Task to complete:
Write out nothing except the lines of the entries below, from the first through the one containing "Das war ja klar, daß", exactly and without pictures.

(Stored entries)
<<<<

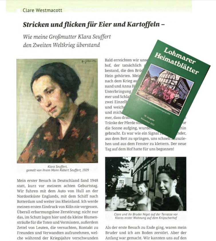Clare Westmacott hat für die neueste Ausgabe der Lohmarer Heimatblätter darüber geschrieben, wie Klara in der Kriegszeit ihre Bekanntschaften und Freundschaften auf den Höfen im Bergischen Land nutzte, um sich und ihre Familie durch Arbeiten aller Art mit Lebensmitteln zu versorgen. Nach dem Krieg hat Klara auf einem der Höfe in Lohmar gelebt und ist dort 1972 gestorben. Das Buch, das auch viele andere sehr lesenswerte Beiträge enthält, ist direkt beim Heimatverein zum Preis von 14,50 Euro zu beziehen.
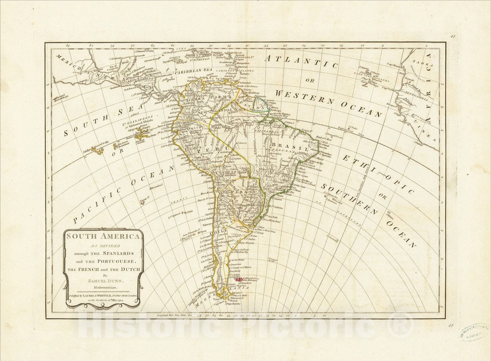 Historic Map : South America as Divided amongst The Spaniards and The Portuguese, The French and The Dutch, 1794, Samuel Dunn, Vintage Wall Art
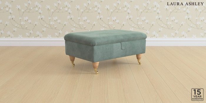 6.12.1 Buy Kingston by Laura Ashley Storage Footstool Ailsworth Fern Green Low Brass Castor - Light Oak from the Laura Ashley online shop Click here to use our website with more accessibility support, for example screen readers
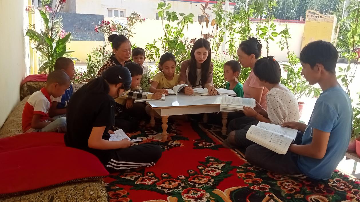 在温宿县阿热勒镇依尔玛村农家书屋,大人小孩们一起享受读书的乐趣。(张浩 摄)
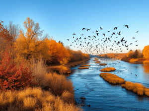 I noticed how calm the river was. I noticed the colour of the water and how brown it was due to the storm in the night. I noticed the nature of the morning light and how many leaves had now fallen to the ground. In particular I noticed flocks of birds as they woke from their morning roosts.
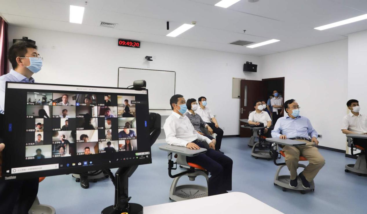 鐘登華副部長一行首先實地查看校園安防情況。在中控室,他詳細了解了校園安防特別是疫情期間校園防控情況。隨后,在第四教學樓智慧教室,鐘登華副部長現場觀摩了張宏教授《管道與儲罐強度》線上授課情況,并與老師和同學進行了在線交流,向大家表達親切問候,充分肯定了教師線上授課工作和同學們線上學習熱情以及學校線上教學取得的成效。
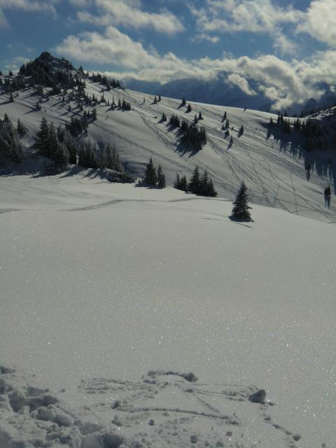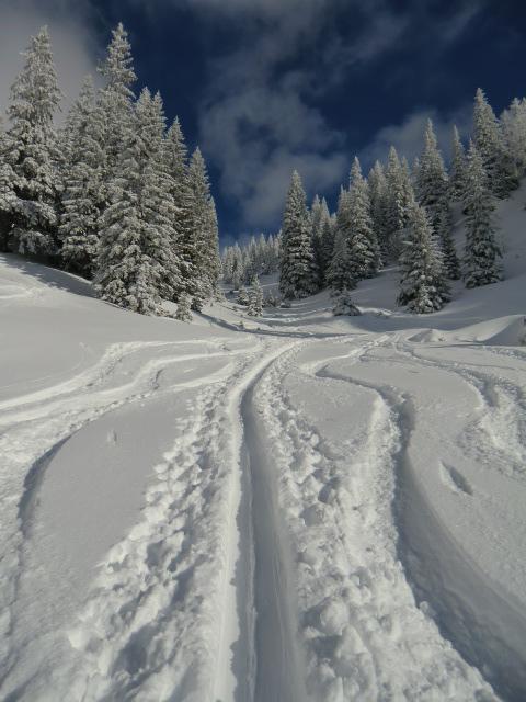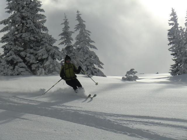 Das war ja klar, daß es heute ein Pulverschneegewühle geben wird. Die frische Lieferung bescherte uns >50cm lockeren Staubzucker - ein süsses Vergnügen oben oben bis unten incl. intermediärer Kaffeepause am sonnigen Schrempfkaser. Alles hat passt. Die blaustichigen Bilder waren unvermeidbar.
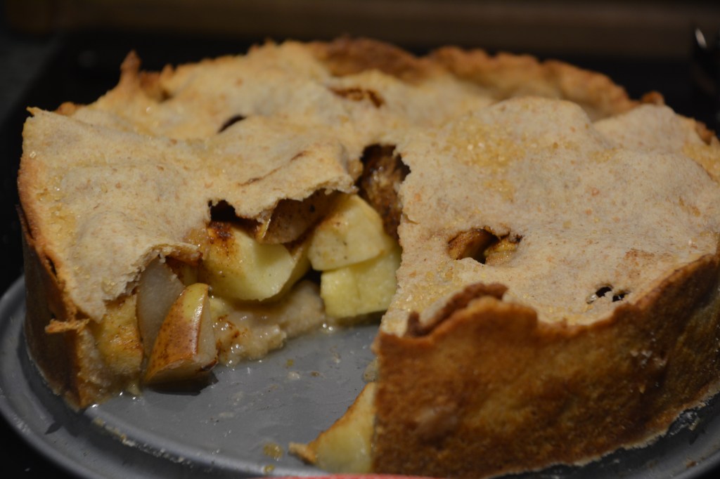 Teig: alles Zutaten verkneten, 30 Minuten kalt stellen; Füllung: Äpfel schälen, Äpfel und Birnen schneiden, mit Mehl, Zucker, Zimt, Muskat, Nelke vermischen; die Form fetten, Teig ausrollen – 2/3 für den Boden, 1/3 – für Kuchendeckel; im Kuchendeckel kleine Löcher ausstechen, der Pie mit Milch bestreichen, brauner Zucker verteilen; im vorgeheizten Backofen 45 Minuten bei 180 Grad (Umluft) backen

>>>>

Answer space:
Clare Westmacott hat für die neueste Ausgabe der Lohmarer Heimatblätter darüber geschrieben, wie Klara in der Kriegszeit ihre Bekanntschaften und Freundschaften auf den Höfen im Bergischen Land nutzte, um sich und ihre Familie durch Arbeiten aller Art mit Lebensmitteln zu versorgen. Nach dem Krieg hat Klara auf einem der Höfe in Lohmar gelebt und ist dort 1972 gestorben. Das Buch, das auch viele andere sehr lesenswerte Beiträge enthält, ist direkt beim Heimatverein zum Preis von 14,50 Euro zu beziehen.
 Historic Map : South America as Divided amongst The Spaniards and The Portuguese, The French and The Dutch, 1794, Samuel Dunn, Vintage Wall Art
 6.12.1 Buy Kingston by Laura Ashley Storage Footstool Ailsworth Fern Green Low Brass Castor - Light Oak from the Laura Ashley online shop Click here to use our website with more accessibility support, for example screen readers
 在温宿县阿热勒镇依尔玛村农家书屋,大人小孩们一起享受读书的乐趣。(张浩 摄)
 I noticed how calm the river was. I noticed the colour of the water and how brown it was due to the storm in the night. I noticed the nature of the morning light and how many leaves had now fallen to the ground. In particular I noticed flocks of birds as they woke from their morning roosts.
 鐘登華副部長一行首先實地查看校園安防情況。在中控室,他詳細了解了校園安防特別是疫情期間校園防控情況。隨后,在第四教學樓智慧教室,鐘登華副部長現場觀摩了張宏教授《管道與儲罐強度》線上授課情況,并與老師和同學進行了在線交流,向大家表達親切問候,充分肯定了教師線上授課工作和同學們線上學習熱情以及學校線上教學取得的成效。
 Das war ja klar, daß es heute ein Pulverschneegewühle geben wird. Die frische Lieferung bescherte uns >50cm lockeren Staubzucker - ein süsses Vergnügen oben oben bis unten incl. intermediärer Kaffeepause am sonnigen Schrempfkaser. Alles hat passt. Die blaustichigen Bilder waren unvermeidbar.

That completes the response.